Optimizing MiniMax 2.7 - Experts vs Layers for best VRAM/RAM utilization

Posted by CBHawk@reddit | LocalLLaMA | View on Reddit | 6 comments

I'm curious if there is a rule of thumb regarding how to best load Minimax given varying amounts of VRAM/RAM configurations. Is there a way to estimate how many experts versus layers to offload for individuals running either 16GB/24GB/32GB/48GB VRAM? Can you get performance gains by only activating 1 expert with 24GB of vram then offloading x number of layers?

Please forgive my ignorance if I'm thinking about this the wrong way.

[-]

korino11@reddit

APEX.. we need APEX on M2.7!

[-]

LagOps91@reddit

what you generally want to do is keep all of the attention calculation + kv cache on gpu and only offload as many routed experts as needed to stay in the vram budget.

llama.cpp unfortunately doesn't allow you to offload specific experts (would be very nice to keep the most used experts in vram to maximize the benefits).

regardless, the speed doesn't really improve that much with extra vram until you can fit nearly all of it into vram. it's not really worth it to try and get 48gb vram. 32gb vram might still be worth it if you want some more room for context, but with all the context quant improvements, that might no longer be needed either.

24gb vram comfortably fits attention and context, 16gb vram is a bit more of a squeeze, but should still be fine overall, you might need to lower context a bit or quant it more.

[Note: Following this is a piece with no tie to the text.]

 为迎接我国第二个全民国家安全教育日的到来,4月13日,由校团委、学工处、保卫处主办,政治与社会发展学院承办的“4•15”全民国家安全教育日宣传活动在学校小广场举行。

in general, you should aim for Q4 and would need 128gb ram regardless of how much vram you have. maybe with 48gb vram 96gb ram would be fine too, but you would need to put more expert weights into vram and lose some of the benefits of having more room for context.

[-]

grumd@reddit

doesn't allow you to offload specific experts

it does, see option --override-tensor

[-]

LagOps91@reddit

tensors are not experts. a single exps tensor contains weights of all experts.

[-]

suicidaleggroll@reddit

In general, with a single GPU, it's best to set "--ctx-size" to your desired context, "--n-gpu-layers 999", and then "--n-cpu-moe" as low as your VRAM will allow. MiniMax is big, and the context for it is huge, so with 24 GB of VRAM you likely won't be able to hold any actual model layers in the GPU, you'll be maxed out with just context, but that's still useful vs running everything on the CPU. It needs 240GB/1M tokens for context (per the official docs), so 128k context needs 31.5 GB, while 64k context needs 15.8 GB. So with 24 GB of VRAM, if you set "--n-gpu-layers 999 --n-cpu-moe 62 --ctx-size 80000", that should get close to maxing out your RAM with all layers on the CPU.

[-]

ambient_temp_xeno@reddit

The main thing, assuming you're using llama.cpp, is to use -cmoe to put the shared experts on the gpu. I didn't bother offloading any more layers on 24gb vram. (6 t/s on ddr4 quad channel Q8 quant)